# Excerpted data
* * *
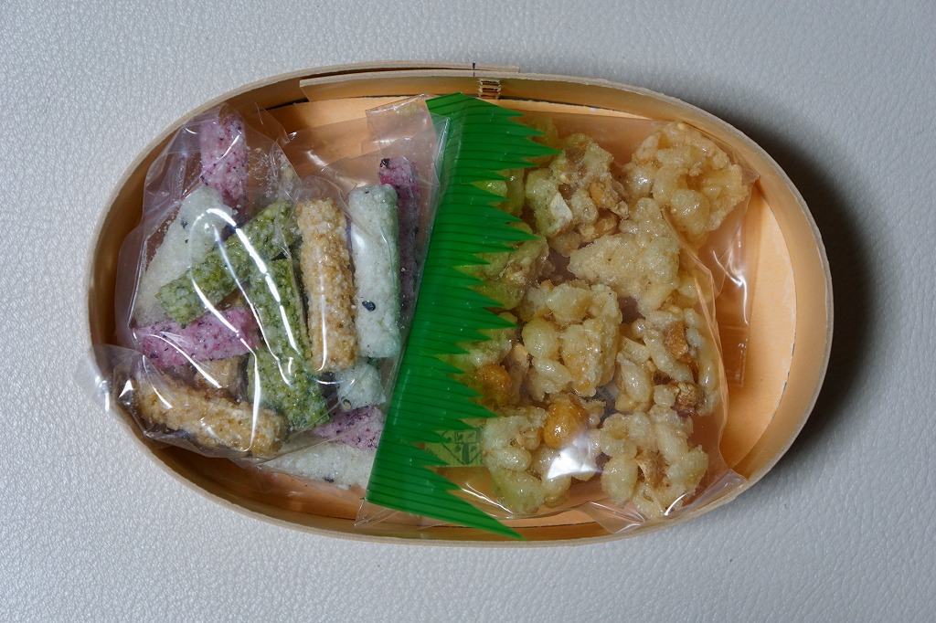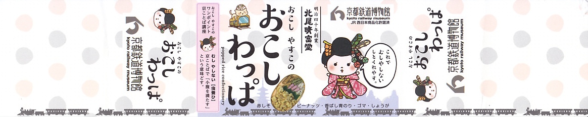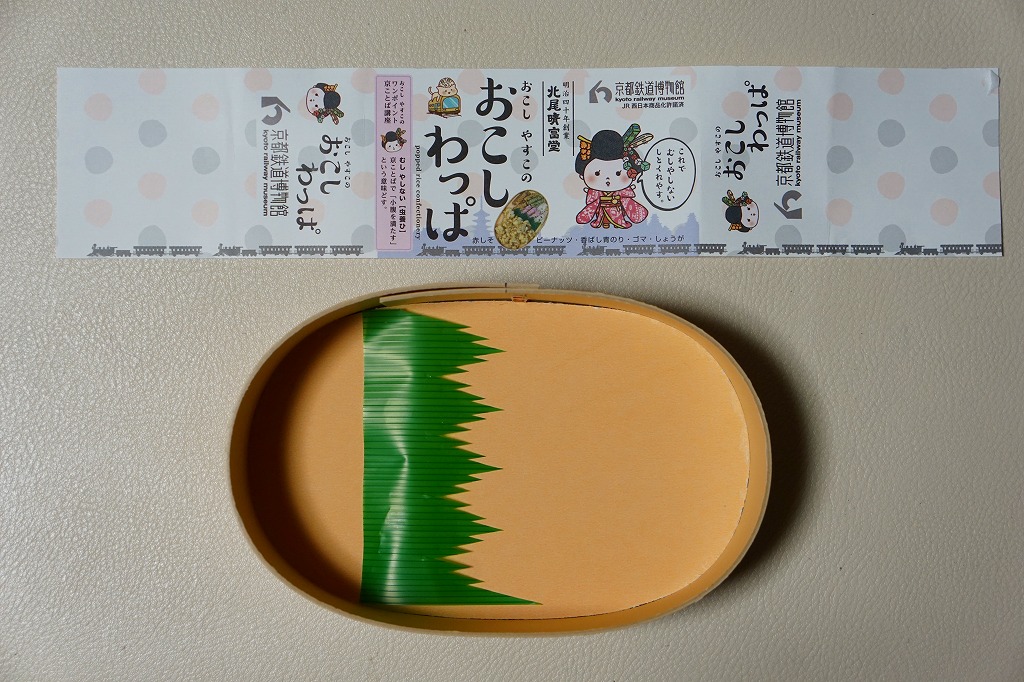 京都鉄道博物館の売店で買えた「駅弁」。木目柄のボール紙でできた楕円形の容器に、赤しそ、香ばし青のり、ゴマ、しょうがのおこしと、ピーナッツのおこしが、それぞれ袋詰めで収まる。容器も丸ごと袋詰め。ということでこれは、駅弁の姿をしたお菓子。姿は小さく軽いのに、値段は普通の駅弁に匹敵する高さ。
* * *
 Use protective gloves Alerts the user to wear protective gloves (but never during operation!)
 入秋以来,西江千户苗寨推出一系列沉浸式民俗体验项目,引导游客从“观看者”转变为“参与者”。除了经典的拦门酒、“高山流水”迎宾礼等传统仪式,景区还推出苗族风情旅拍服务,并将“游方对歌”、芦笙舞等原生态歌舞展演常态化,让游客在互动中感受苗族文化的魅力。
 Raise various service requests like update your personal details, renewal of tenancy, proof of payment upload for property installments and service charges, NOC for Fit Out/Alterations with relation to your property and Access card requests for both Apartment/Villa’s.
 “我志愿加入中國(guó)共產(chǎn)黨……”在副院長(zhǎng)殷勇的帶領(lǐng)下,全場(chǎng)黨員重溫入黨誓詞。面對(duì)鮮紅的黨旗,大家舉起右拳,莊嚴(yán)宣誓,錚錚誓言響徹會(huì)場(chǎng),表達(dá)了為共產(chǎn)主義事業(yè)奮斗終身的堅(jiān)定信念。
* * *
# Your instructions
Within the listing above, locate the line containing "Use protective gloves" and the line containing "入秋以来,西江千户苗寨推出一". Reproduce those two lines and all lines between them exactly, with nothing added.

# Exercise result
 Use protective gloves Alerts the user to wear protective gloves (but never during operation!)
 入秋以来,西江千户苗寨推出一系列沉浸式民俗体验项目,引导游客从“观看者”转变为“参与者”。除了经典的拦门酒、“高山流水”迎宾礼等传统仪式,景区还推出苗族风情旅拍服务,并将“游方对歌”、芦笙舞等原生态歌舞展演常态化,让游客在互动中感受苗族文化的魅力。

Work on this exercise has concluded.